Those who come to God must come in faith, believing that he is. Believing that he is what? Believing that he is God! We have a whole generation of Christians who have insufficiently reckoned with the fact that God is God. What can get this across that you have not already heard a thousand times? He is the Creator of all else that exists, and therefore absolutely sovereign over it, including you and me. He is omnipotent, all powerful. He is holy. You are totally dependent on his good pleasure for your next breath, even if you use it to curse him. He owns and has an absolute right to your worship, your obedience, to all you have and are, for without Him you would not be. And shall we then DARE to use him for a sideshow, a vending machine, a bandaid, a security blanket? To come to him that way is not to come to him at all.
But then—and only then—we come to the next glorious phrase. He is a Rewarder of those who seek him! When you come to him in faith he will not annihilate you. The fire of his holiness will not burn you to ash, because if you come to him in faith you are covered by the blood of his Son, clothed in the white robes of Christ’s righteousness, and that is what the Father will choose to see. When you come to him in faith, you are seeking first the Kingdom of Heaven and his righteousness—and then he rewards you, then you find that “all these things” are added unto you!
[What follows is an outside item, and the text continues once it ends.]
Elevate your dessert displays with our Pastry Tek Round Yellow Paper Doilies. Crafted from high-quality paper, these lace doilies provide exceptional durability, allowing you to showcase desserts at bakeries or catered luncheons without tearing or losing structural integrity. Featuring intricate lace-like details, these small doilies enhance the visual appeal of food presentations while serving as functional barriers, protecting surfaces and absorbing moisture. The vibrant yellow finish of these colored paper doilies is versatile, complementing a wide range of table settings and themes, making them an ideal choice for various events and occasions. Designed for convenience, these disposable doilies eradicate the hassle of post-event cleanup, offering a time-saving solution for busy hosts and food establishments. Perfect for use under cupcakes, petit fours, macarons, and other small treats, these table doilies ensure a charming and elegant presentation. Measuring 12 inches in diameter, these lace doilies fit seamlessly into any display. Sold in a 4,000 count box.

Then you will be forgiven, you will have your sins wiped away and never counted against you, you will be adopted and loved and given a purpose and eternal life in which to fulfill that purpose. Then he will meet all your needs, including the things the gentiles seek. Then you will be astounded by his mighty works, flooded by his blessings, healed of all your wounds, and wrapped in his loving arms forever. You will find all these things because you came not for them but for him—and they are in him. They are nowhere else to be found.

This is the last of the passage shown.